The maximum tensile strength is the maximum linear tensile force that can be applied to a thread before it breaks. It is sometimes also referred to as breaking strength, breaking force or linear tensile strength.
It is measured using the simple tensile test in accordance with ISO 2062 and expressed in cN. The simple tensile test is one of the most important yarn or thread tests for compliance with specified quality requirements. 

In AMANN's testing laboratories around the world, the maximum tensile strength test is performed more than 5,000 times a day on fully automatic tensile testing machines and evaluated using a stress-strain curve diagram. The curve of the diagram shows the elongation in percent and the effect of the force in newtons until the thread breaks. In the diagram shown, the values of several tests are superimposed. This considerable testing effort is necessary because, as a rule, all the different production stages – yarn, raw thread and finished thread – are tested in order to guarantee optimum quality.

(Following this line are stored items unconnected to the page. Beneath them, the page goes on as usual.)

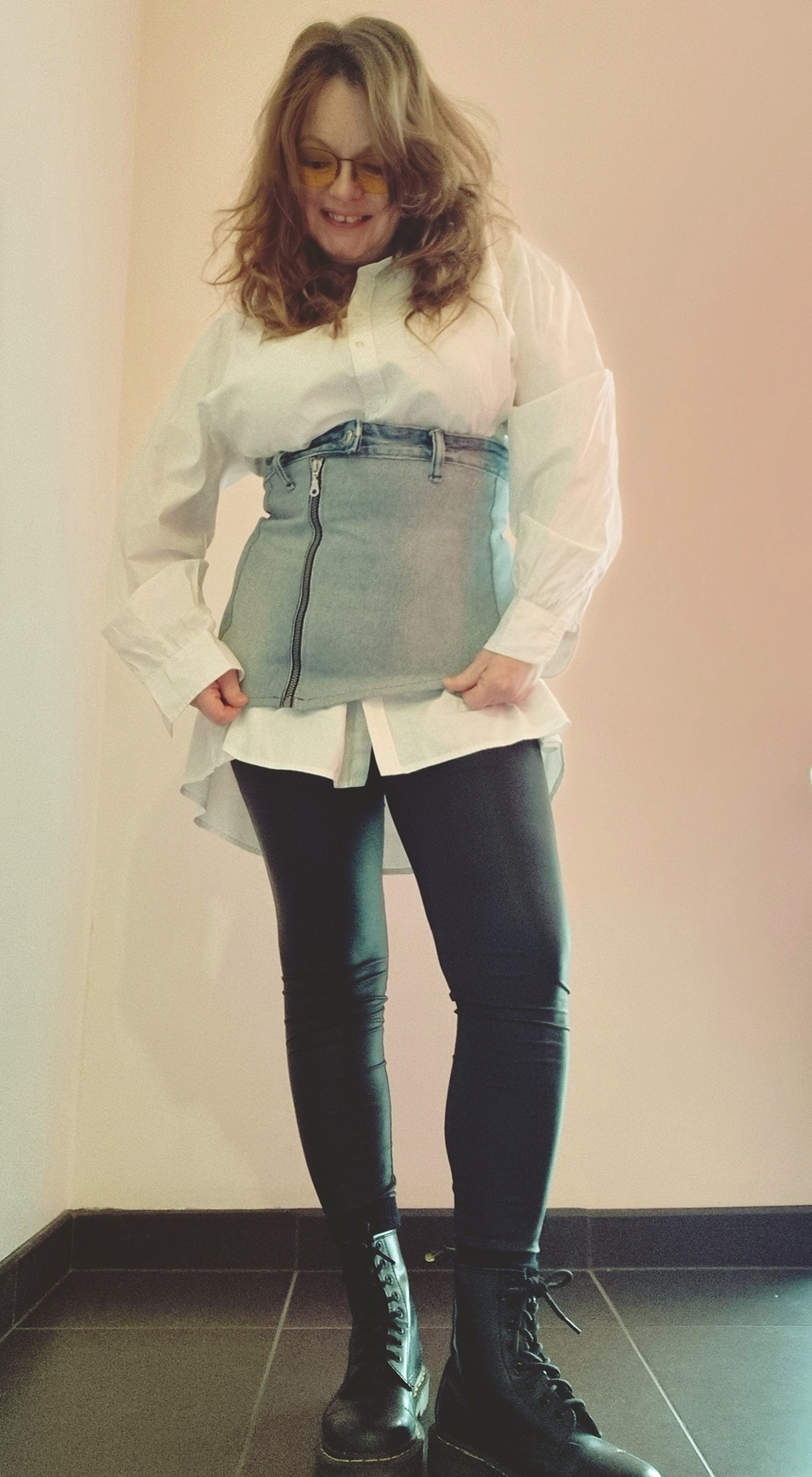 Ompelin sen itse, sillä vanha denim ansaitsee jatkaa matkaa jossain muodossa. Tämä vyö ei ole mikään hillitty asuste, vaan tyylin vallankumous. Jos joku kysyy, miksi, vastaan: “Koska voin.” Ja juuri siinä on secondhand-tyylin taika.
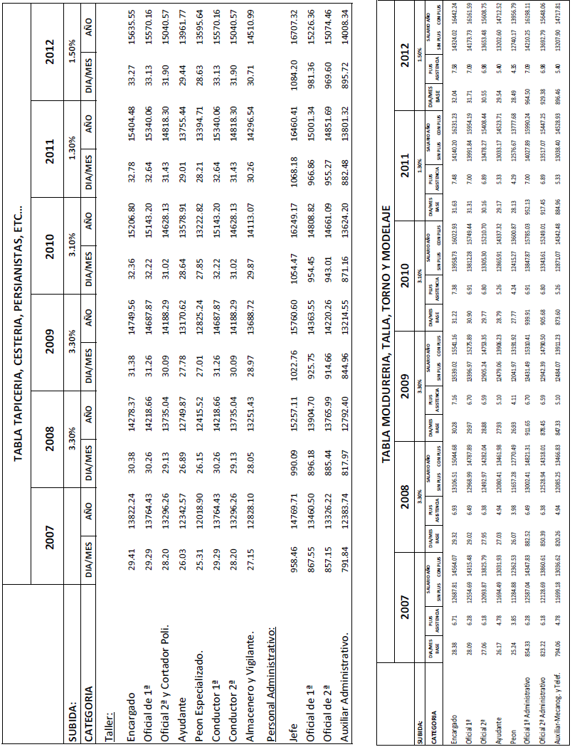 Se anexa al presente acta el resultado de los cálculos efectuados sobre las tablas del 2007, correspondientes a taller de carpintería, almacén de madera, tapicería y cestería, moldurería, talla, torno y modelaje y ebanistería y muebles curvados, de un incremento total acumulado del 12,5%, como resultado de la actualización pendiente desde el año 2007 hasta la actualidad.
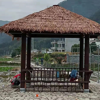 茅草亭子指的是在防腐木亭子上面蓋一層茅草,可以是真茅草,也可以是仿真茅草,一般仿真茅草用得比較多一些,我們是專業(yè)的防腐木茅草亭生產廠家,可定做各種款式的四角茅草亭、六角茅草亭等。
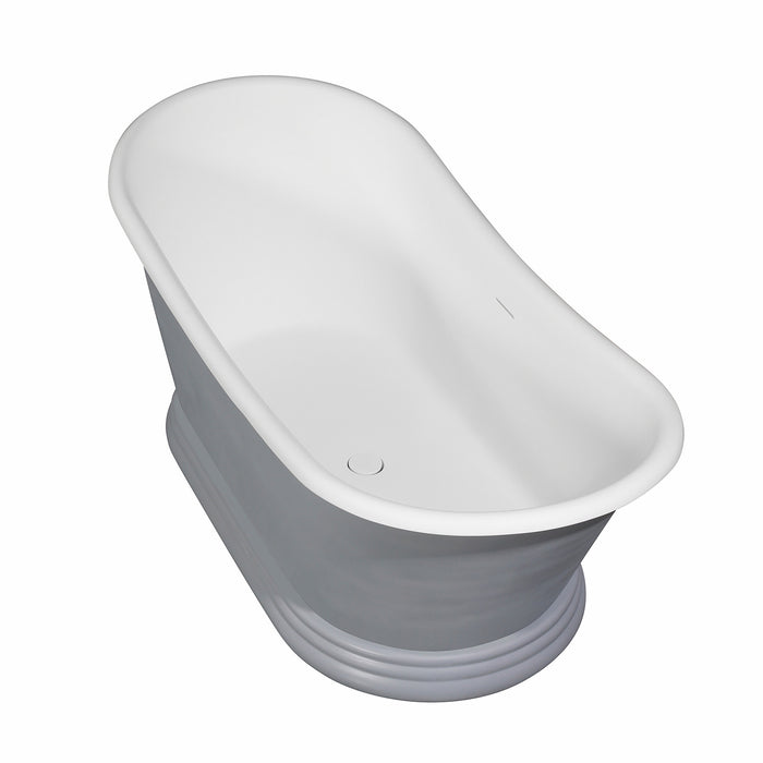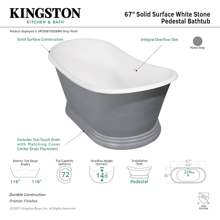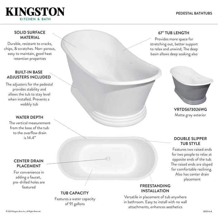 Kingston Heirloom VRTDS673026WG - Arcticstone 67-Inch Solid Surface Oval Double Slipper Pedestal Tub with Drain (No Faucet Drillings), Glossy White/Matte Gray

When talking to technicians in the apparel industry, the maximum tensile strength is often given in grams or kilograms rather than centiNewtons or Newtons. Here, 1 g corresponds to ~ 1 cN and 1 kg corresponds to ~ 10 N. For many people, weight designations are still more common and easier to understand. Depending on the raw material, sewing thread type and linear density, AMANN products have very different levels of strength. The finest polyester continuous filament threads, such as Serafil fine 300, have a maximum tensile strength of approx. 640 cN; coarse polyester continuous filament threads can achieve maximum tensile strength values of over 20,000 cN (equivalent to 20 kg).

The maximum tensile strength in relation to linear density is specified in cN/Tex for sewing threads and provides a comparison of the strength of different types of sewing thread.
Example:
Saba 120 has a linear density of 14 Tex × 2 and a maximum tensile force of 1,200 cN. This results in a maximum tensile force relative to linear density of 42.9 cN/Tex. (Calculation: 14 × 2 = 28; 1,200 : 28 ≈ 42.9)
An exemplary comparison of the maximum tensile strength (also known as tenacity) of different types of sewing thread clearly shows the varying strength potential depending on the raw material and thread construction.

Loop strength is the tensile strength of sewing threads of the same linear density, which are stressed in the form of two loops hooked into each other in the tensile testing machine.
This test method is more closely related to the stresses on the sewing thread in the stitch formation looping of the seam than the linear tensile strength test using a simple tensile test.

The loop strength test subjects the sewing threads to different types of stress at the same time:

• tension in the longitudinal direction
• compression in the transverse direction
• bending around a very small radius

The sewing threads usually break at the point of looping, as the transverse strength of the fibres is lower than their longitudinal strength due to the fibre molecules being oriented in the longitudinal direction of the fibres. The relative loop strength is calculated from the ratio of the maximum loop tensile strength to the maximum tensile strength and is expressed as a percentage. Depending on the sewing thread construction, conventional sewing threads have a relative loop strength of approx. 60 to 75%. Spun threads generally have the highest relative loop strength, while continuous filament threads have the lowest.
 

Due to their raw material properties, para-aramid yarns have a very low loop strength of only approx. 40%. As a result, a significant portion of the very high linear strength is not effective in the seam. This must be taken into account when calculating seam strength.

Example: Saba 120 has a maximum tensile strength of approx. 1,300 cN and a relative maximum loop tensile strength of approx. 70%.